There are a lot of screenwriters credited on this movie. Was it a more writers’ room set-up, like with a TV show?
I get this question a lot. So I worked with a screenwriter, Kevin Costello, on an early draft. But then Kevin and me and Alex [Kirwan] and a few others in the crew, we made the whole film over Zoom during the pandemic. We’d do 3-4 hour calls, walking through the whole film, thinking through sequences, then dropping them. Every animated thing I’ve ever made in my career has outlines and sort of rough beat lines, not scripts because I find that storyboarding is a part of the writing. When you’re doing cartooning, you’re writing and drawing at the same time. I love that. It’s why I got into television animation in the first place. I feel the best cartoony humor and Looney Tunes-style humor comes from having cartoonists write the material. So Kevin wrote a great first draft and there’s some stuff in there that still is in the film, but with the exception of Darrick [Bachman], who is a proper screenwriter, who came in later to punch up some stuff, everyone else is a storyboard artist-writer. I fought with the studio to get them all credit. The studio hates doing it, but we are writers. We are writing the words coming out of these animated mouths. We’re writing every action that they’re taking. This happens on all animated features. If you compare the original script that sells the movie, with Shrek or any of these things, it is reinvented four or five times, almost from scratch, before the final version. It’s one of the things I’m proudest about with this film is that I was able to get people the credit they were due. I wish animators could get in the WGA, but that’s a whole other battle.
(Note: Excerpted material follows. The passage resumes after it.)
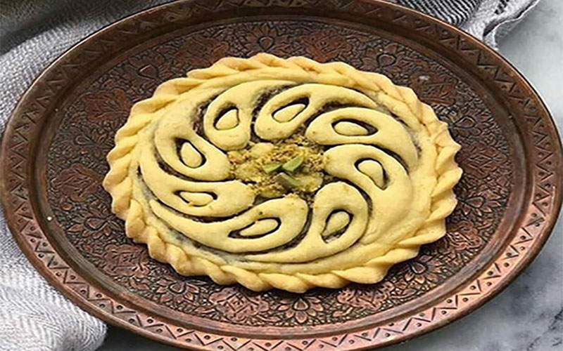 محتویات : آرد، روغن جامد یا کره، تخممرغ، شکر، شیر، هل و وانیل، خرمای بدون هسته، مغز گردوی خرد شده، هل، جوزهندی، رازیانه و زنجبیل و پودر پسته

I said the film has an old-school Looney Tunes feel, but there is also a lot of referential humor, breaking the fourth wall, and so on, which reminded me a lot of Nickelodeon and Cartoon Network toons.
Right. I think that’s just in our DNA now. We can’t write exact tonally correct jokes for 1945 anymore. When I was at Cal Arts, we had a great guest speaker, a director and animator, and he said: “Don’t worry about always being original. Just be yourself and put yourself into what you do, and the originality and tone will come through.” And my tone and humor is definitely Cartoon Network and SpongeBob and all that stuff, that’s in there, but that also goes for everyone that’s worked on the crew. I mean Warner Bros Animation had only made one movie before, the Teen Titans movie [2018’s Teen Titans Go! To the Movies]. None of us, or hardly any of us, had worked in features before. We approached it just like we were making an 11-minute cartoon for Cartoon Network. We worked very quickly, very fast and cheaply. It’s our generation’s style of humor. I didn’t have any sort of steadfast rules. If it was a good joke and it’s contemporary — like our ride-sharing joke in the movie or our coffee joke — but it made us laugh, then it stayed in.
This film ends with a nod towards a potential sequel. What are the chances of that? Do you still have [Warner Bros. Discovery CEO David] Zaslav’s number on speed dial?
I wouldn’t hold your breath. But that’s above my pay grade. I left the studio in February, literally, the day I approved the final version of the film was my last day at Warner Brothers. So I don’t know what the future is with Looney Tunes, with that company, or that world. But I think if you put those characters in the right hands, it would have a great future. I had a wonderful time, a wonderful experience making this movie. And I feel you could make a Looney Tunes movie out of any of those properties. The only obstacle, and I found this out when I was in some testing groups for the Looney Tunes shorts program, was that a lot of kids don’t know who Daffy Duck is. Disney’s always been good at keeping Mickey Mouse front and center with the young generation, that is why they have their preschool show and those different tiers of Mickey shows. Warner Brothers didn’t do that with Looney Tunes. And I think it’s been a mistake because, in my opinion, the Looney Tunes are much better characters.